堤清二さん=辻井喬さんの訃報が知らされました。11月25日の早朝、肝不全とのこと。本当に残念でなりません。

 この3年来、私は辻井さんと「福島以降の能オペラ 煌きの河/幸福の島」というコラボレーションを進めていました。また現在上演している東京アートオペラ「トリスタンとイゾルデ」立ち上げの最初期、最も熱心に応援してくださったのも辻井さんでした。

 過日ご招待状をお送りし、秘書室からのご返信をお待ち申し上げる形になっていたところでありました。

 本当に残念です。40年待って、やっとご一緒して仕事が始まったばかりでした。昨年の4月には、清二さんは福島の被災地を私が運転するレンタカーで一緒に回って下さり、浜通りの新地町では中学生の子供たちと対話の場を持ちました。

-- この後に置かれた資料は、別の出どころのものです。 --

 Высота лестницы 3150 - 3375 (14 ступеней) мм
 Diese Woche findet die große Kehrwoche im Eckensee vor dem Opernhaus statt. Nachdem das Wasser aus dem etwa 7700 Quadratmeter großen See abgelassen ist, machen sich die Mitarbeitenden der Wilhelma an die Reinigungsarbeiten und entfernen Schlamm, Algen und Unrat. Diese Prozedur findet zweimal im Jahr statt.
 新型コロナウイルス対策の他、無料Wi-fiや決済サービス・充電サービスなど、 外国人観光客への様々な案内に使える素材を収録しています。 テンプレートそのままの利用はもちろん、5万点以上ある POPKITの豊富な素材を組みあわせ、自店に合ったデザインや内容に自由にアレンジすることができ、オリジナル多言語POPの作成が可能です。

 毎月1回のペースで「能オペラ」の打ち合わせを進めつつ、昨年の11月16日、東京ドイツ文化センターでのミニシンポジウムでご一緒したあと、ご体調を崩されました。コラボレーションは中断したままになっていたのですが、なんとか私1人でも完成させねば、と思っています。

セゾン文化のエッセンスから「トリスタン」へ

 いま私たちが上演している「トリスタンとイゾルデ」は、極めて忠実に原典に遡りながら、でも具体的な意匠は21世紀日本の同時代に設定して、という形で作っています。

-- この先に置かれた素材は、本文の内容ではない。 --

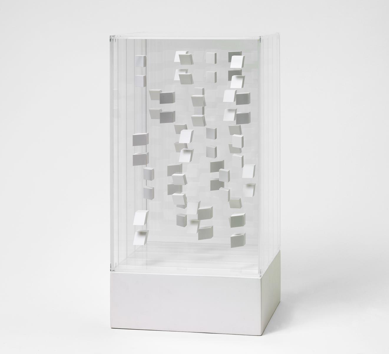 "Duplizität". 2000. Polystyrol, Plexiglas. 42 x 27 x 26,5cm. Betitelt, datiert, nummeriert und signiert unten Mitte auf einer Plexiglaswand: Duplizität, 1-2000, 5/5, Staudt, 2000. Ex. 5/5. Weißer Holzsockel.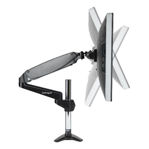 Questo supporto per monitor da scrivania permette di montare e sollevare un monitor con una dimensione massima dello schermo di 32" (16:9) o 49" (32:9) per monitor Ultrawide. La sua solida struttura in acciaio permette a questo braccio per monitor di supportare fino a 8kg con due opzioni di montaggio (Morsetto a C o vite passante con sottopiastra) per fissare saldamente il monitor alla scrivania.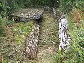 - des dalles de forme rectangulaire du même type que celles employées comme orthostates dans les dolmens;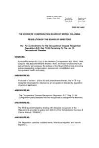 BOD Decision -2003/11/19-02 – Two Amendments Pertaining to the List of Occupational Diseases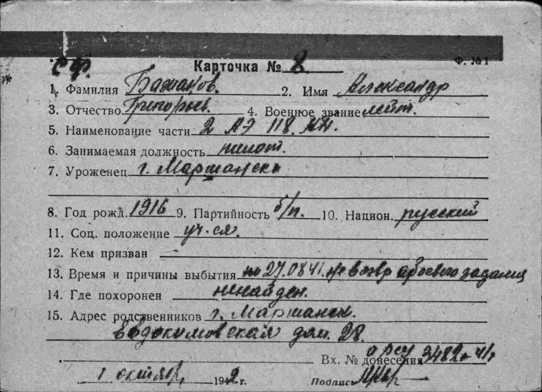 Картотека безвозвратных потерь. Ящик № 003. Страница 953 Перейти к списку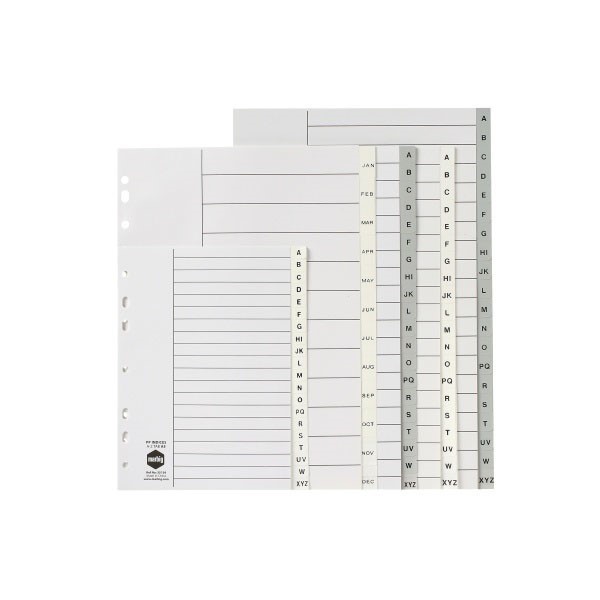 Tabs are printed A to Z for alphabetical filing and are available in grey or white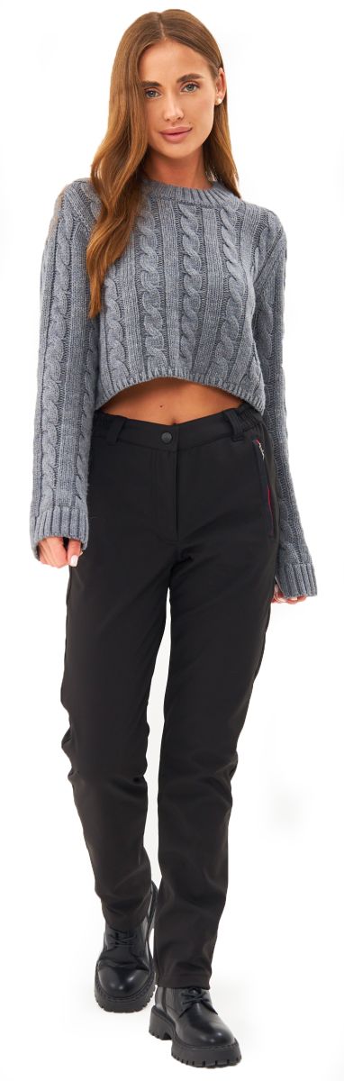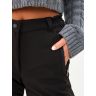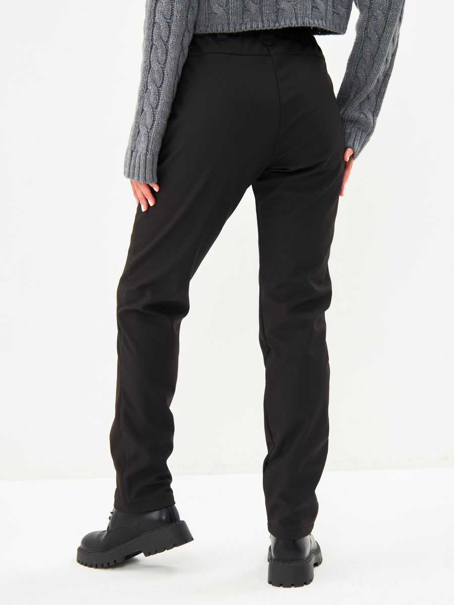 Зимние женские брюки из ткани Windstopper Softshell для спорта и активного отдыха. Ткань представляет собой трёхслойную систему, состоящую из лицевой ткани (эластичный полиэстер), мембраны (защита от ветра и паропроницаемость) и утеплителя (флис), соединенных в единое целое. Благодаря такой структуре обладает водоотталкивающими свойствами и в то же время пропускает водяной пар, т.е. способна "дышать". Наличие нитей эластана делает ткань подвижной, а изделие более комфортным. Гульфик на молнии. Пояс полужёсткий с резинкой по бокам. Фиксируется кнопкой-крючком. Внутренняя сторона пояса и мешковины карманов выполнены из тонкого трикотажного полотна-утеплителя (рашель). По периметру пояса пришиты шлёвки под ремень. Посадка высокая комфортная. Брючины немного заужены книзу. Передние карманы фиксируются цветными молниями, прикрытыми узкими листочками из принтованной таффеты.

 こうした上演の形は、堤さん=辻井さんとのディスカッションの中で、もとはゲーテ「ファウスト」を引用する私たちの「福島以降の能オペラ」について出てきたものでした。

 驚くほど今日の福島の状況と重なり合うゲーテ「ファウスト第二部」末尾をそのまま引用しつつ、一切値引きのない21世紀日本の問題を考え、問いかけとしての上演を考えたい。

 清二さんからは昨年11月、コスチュームについては三宅一生氏を加えてのブレーンストーミング、ディスカッションを、と提案がありましたが、結局実現しませんでした。残念です。

 本当に明晰な方でした。今回の「トリスタン」で導入した「ジーンズシート」という安価の学生席も、辻井さん=清二さんが京橋に「セゾン劇場」を作られ、そこで導入したもので、ピーター・ブルック「マハーバーラタ」など、世界トップ水準のプロダクションを、私たち当時の若者は安価に、普段着の感覚で、存分に吸収させてもらうことができました。